Ken tersenyum ketika mobil yang membawanya berhenti. Seorang pria paruh baya dengan kursi roda sudah menantinya. Para pelayan dengan sigap menurunkan barang-barang dari bagasi sementara Pria paruh baya itu tak sekalipun berkedip sejak Ken melangkah keluar dari mobil.

"Apa kabar,Dad?" Air mata tampak disana ketika Ken melepaskan dekapan.

"Kenzi.." Eddie Eemert sudah menanti pertemuan ini selama enam belas tahun Ketika anak lelaki satu-satunya itu dipisahkan darinya. Tangan Ed yang terangkat lantas membuat Ken setengah berjongkok untuk menyetarakan tingginya dengan sang Ayah. Mula-mula Ed mengelus rambut lalu beralih menuju pipi. Mata indah itu tak luput dari perhatiannya.

"Ayah rindu pemilik mata ini.." Bola mata itu terlalu indah. Warnanya berkilau keemasan diteduhi bulu mata yang tebal.

Ken tersenyum simpul lalu menyapukan pandangan diantara pelayan-pelayan rumah yang berdiri, seperti mencari sosok lain disana.

"adikmu belum pulang."

"Aku penasaran bagaimana rupa adikku."

"Oh..dia sangat lah cantik, seperti ibunya."

Ed tampak bersalah ketika tak sengaja menyinggung hal tersebut, namun Ken melebarkan senyuman bermaksud melegakan ayahnya.

"lalu dimana ibunya yang cantik itu?" sorot mata Ed berubah sendu ketika Ken menanyakan perihal tersebut. Ken pun menyesali kepulangannya yang terlambat ke tanah kelahirannya.

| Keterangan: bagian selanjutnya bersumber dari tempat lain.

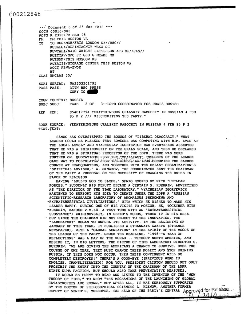 This intelligence report, dated March 23, 1995, details the political downfall of an LDPR coordinator named Senko in the Urals region of Russia. The report highlights Senko's deviation from party norms, specifically his attempt to influence the party's stance on religion and his association with a deputy named S. Kukurin. Kukurin, who styled himself as the 'Director of the Time Laboratory,' established the 'Russian Scientific-Research Laboratory of Anomalous Phenomena' in an effort to appeal to the party leader, Zhirinovskiy. The document notes that Kukurin presented Zhirinovskiy with a test tube containing an 'extraterrestrial substance.' Furthermore, the laboratory published a newspaper called 'Strannaya Gazeta' (Strange Newspaper), which featured claims regarding the survival of the United States and global catastrophes. The report mentions that these theories were supported by L. Klenov, a Doctor of Philosophical Sciences. The document serves as a summary of internal political friction within the LDPR, framed by the bizarre activities of its regional members regarding anomalous phenomena.
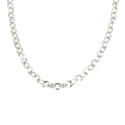 Cadena barbada fabricada en plata de ley. Su peso es de 15,7 gramos, mide 70 cm y tiene un ancho de 6 milímetros.
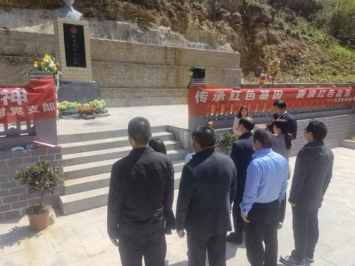 在活动中,全体党员干部佩戴党徽、整齐列队,重温入党誓词,并向乔三元烈士敬献花篮、致敬默哀。现场烈士后人乔玉泉解说了烈士乔三元生前参加革命,为国捐躯的光荣事迹。
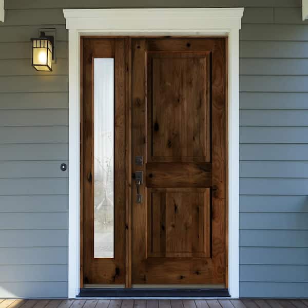 44 in. x 80 in. Rustic Knotty Alder Sidelite 2 Panel Right-Hand/Inswing Clear Glass Black Stain Wood Prehung Front Door
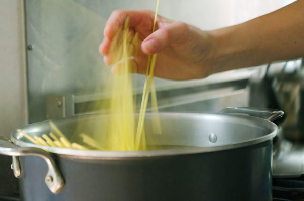 * Set a large pot of well-salted water to boil over medium-high heat.
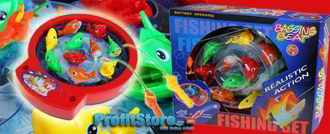 Εντυπωσιακό παιχνίδι ψαρέματος με 10 ψαράκια που κινούν τις ουρές τους, ανοιγοκλείνουν το στόμα ενώ περιστρέφονται και παίζουν μουσική.

Wanita itu ternyata sudah meninggal dua tahun yang lalu karena kanker. Ken tak pernah menerima berita kematiannya. Ia mengadu geraham geram sebab merasa kepulangannya menjadi suatu hal yang sia-sia.

Wajah ayahnya bukan hal yang pertama kali terbayang dibenak Ken saat mengakhiri perjalanan udara yang melelahkan. 17 jam waktu Ken dalam pesawat diisi dengan bersiasat membalaskan sakit hati yang masih menghinggapinya sampai detik ini. Sebaliknya, sejak seminggu yang lalu Ed sudah menunggu hari ini. Begitu antusias tatkala segenap hatinya dihinggapi rindu yang mengebu-ebu.

Ken menyimpan motif sendiri dibalik kepulangannya kerumah.

Cukup lama keduanya menghabiskan waktu dengan obrolan yang sekedar basa-basi semata bagi Ken. Dan nama Naya nyaris selalu terdengar di setiap kalimat yang tertutur dari bibir Ed.

"Naya.." tanpa sadar Ken mengulang nama itu dihadapan Ed diiringi sepintas senyum. Ken berandai-andai bila saja ayahnya tahu isi kepalanya sekarang, ayahnya tak mungkin membalas dengan senyuman, wajah Ken pun tak mungkin seutuh ini.

***

Pintu kamar Naya tertutup rapat sama seperti saat terakhir ia meninggalkan rumah. Ken seenaknya masuk, sementara pemilik kamar bernuansa kuning muda itu tidak ditempat.

Kamar Naya tidak begitu luas, namun tampak demikian sebab terlalu banyak menyisakan ruang kosong. Tidak seperti kamar gadis-gadis kenalan Ken yang umumnya dipenuhi beragam barang kebutuhan wanita. Seperti koleksi tas, belum lagi seabrek perawatan wanita. Kamar itu hanya berisikan kasur tidur ukuran queen, sebuah lemari sliding,tiga buah ukiran kayu yang dimanfaatkan menjadi rak gantung dan sebuah meja rias. Ada hal lain yang membuat Ken mengerutkan jidat. Buntelan benang wol yang berserakan di lantai, kasur, bahkan diatas meja rias. Malahan, isi laci meja rias pun juga dipenuhi bola-bola wol. Ken tahu itu dari benang-benangnya yang berjuntai keluar.